Vegetit. Invito alla lettura di Alberto Capatti 2 Novembre 2016 – Posted in: BOOKS, FOOD

L’introduzione dell’autore Alberto Capatti a Vegetit. Le avanguardie vegetariane in Italia

I vegetariani (e i carnivori) dovrebbero esser curiosi delle loro origini e della loro storia italiana. In essa sono assenti alcuni protagonisti d’oggi, radicali, i vegani, ed è forse debole, ma tutt’altro che marginale, lo scandalo denunciato dagli animalisti, la macellazione. È parimenti difficile comparare i consumi non solo di una civiltà contadina, vegetariana coatta, ma di una borghesia che alla verdura conferiva un ruolo nutrizionale subalterno alla carne, essendo questa se non un attributo di classe, un godimento privilegiato, appena esteso, con frattaglie, cotiche e cascami, al focolare di operai e artigiani. Eppure la nascita di associazioni, di comunità vegetariane, è, in Europa, un indicatore culturale di primaria importanza che qualifica il progresso civile e lo spirito critico dei consumatori che procedono ad un riesame degli alimenti assegnando loro un valore nutrizionale proprio, sociale, spirituale. L’Inghilterra, la Germania hanno aperto la strada, contribuendo alla sensibilizzazione di molti paesi europei. L’Italia, fra le ultime nazioni ad associare i vegetariani, grazie ad essi opera una disanima del proprio cibo e conferisce a questa un significato che va ben al di là delle calorie e delle vitamine.

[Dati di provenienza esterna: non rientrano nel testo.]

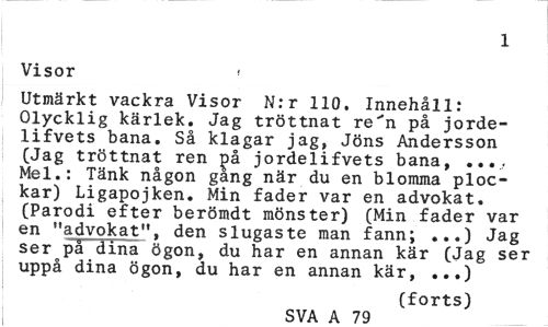//// 1 //// Visor ! //// Utmärkt vackra Visor N:r 110. Innehåll: Olycklig kärlek. Jag tröttnat re^n på jordelifvets bana. Så klagar jag, Jöns Andersson (Jag tröttnat ren på jordelifvets bana, ... Mel.: Tänk någon gang när du en blomma plockar) Ligapojken. Min fader var en advokat. (Parodi efter berömdt mönster) (Min fader var en "advokat", den slugaste man fann; ...) Jag ser på dina ögon, du har en annan kär (Jag ser uppå dina ögon, du har en annan kär, ...) //// (forts) //// SVA A 7Q ////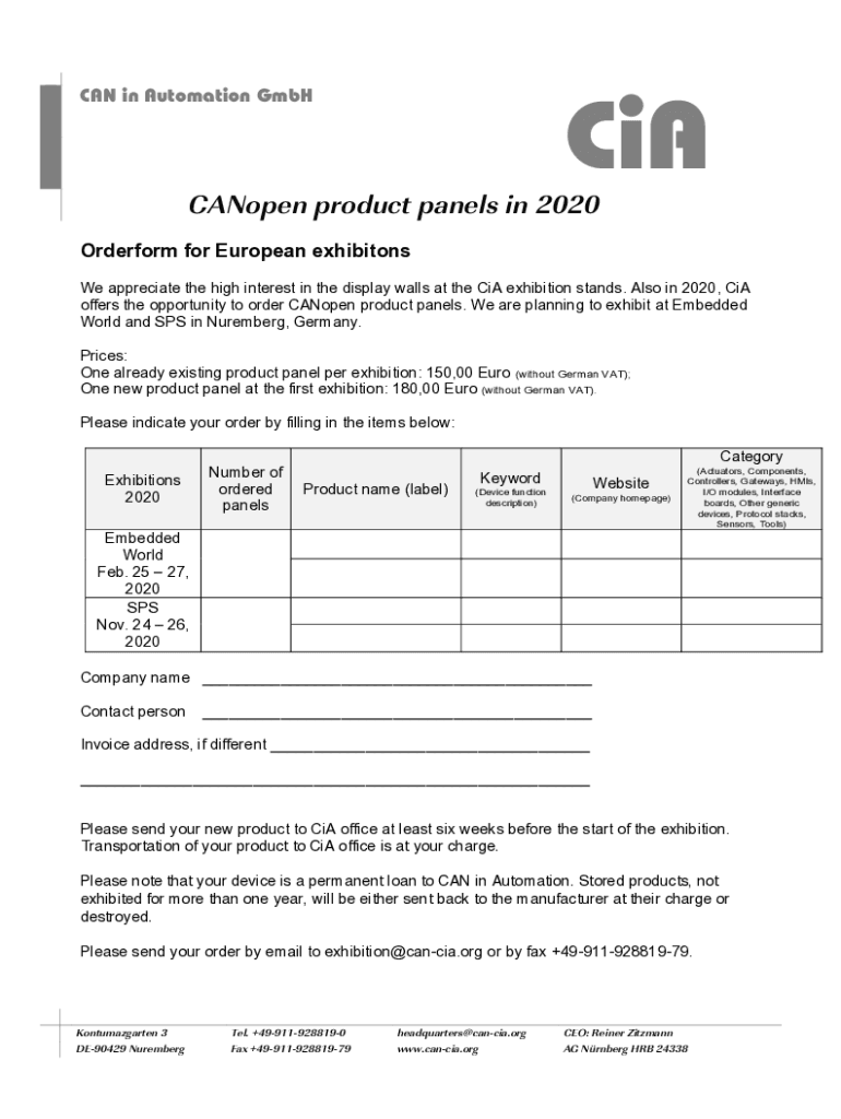 CAN in Automation GmbHCiACANopen product panels in 2020 Order form for European exhibitions We appreciate the high interest in the display walls at the CIA exhibition stands. Also in 2020, CIA offers

La città industriale è, agli inizi del XX secolo, l’epicentro dell’inquinamento, delle malattie degenerative, tisi e sifilide, e di tutti i tossici, fumi di ciminiere, sigari e assenzio: sono sempre i vegetariani a rivelarlo ad una popolazione frastornata da una alternanza di crescita economica e di guerre, lacerata fra la tubercolosi e lo sport, e ad una élite distratta dal proprio effimero benessere, paga di un piatto cucinato bene. Il vegetale, la natura, la salute ne sono l’antitesi. È una anticipazione, di un secolo, nella quale dobbiamo vedere i prodromi di una cultura diventata oggi se non egemone autorevole, rafforzata da analisi scientifiche e da leggi a difesa dell’ambiente, una cultura che ha in queste pagine, i padri fondatori e il loro profilo dietetico. Niente spirito pitagorico, niente massime pizzicate nei classici greci o latini, ma una consapevolezza che nasce, con l’industrializzazione, dalla vita di tutti i giorni, a tavola, e si sviluppa, nel corpo sociale, osservando il proprio corpo, facendone il principio, vestito e ancor meglio seminudo, di una civiltà nuova, voluta respirando, masticando, camminando. Una civiltà fondata sulla rinuncia della carne per la propria carne, e declinata in tutte le scelte, dal cotto al crudo, al crudo esclusivo rifiutando caffè, alcool, tabacco, zucchero se non di canna e i fumi delle fabbriche.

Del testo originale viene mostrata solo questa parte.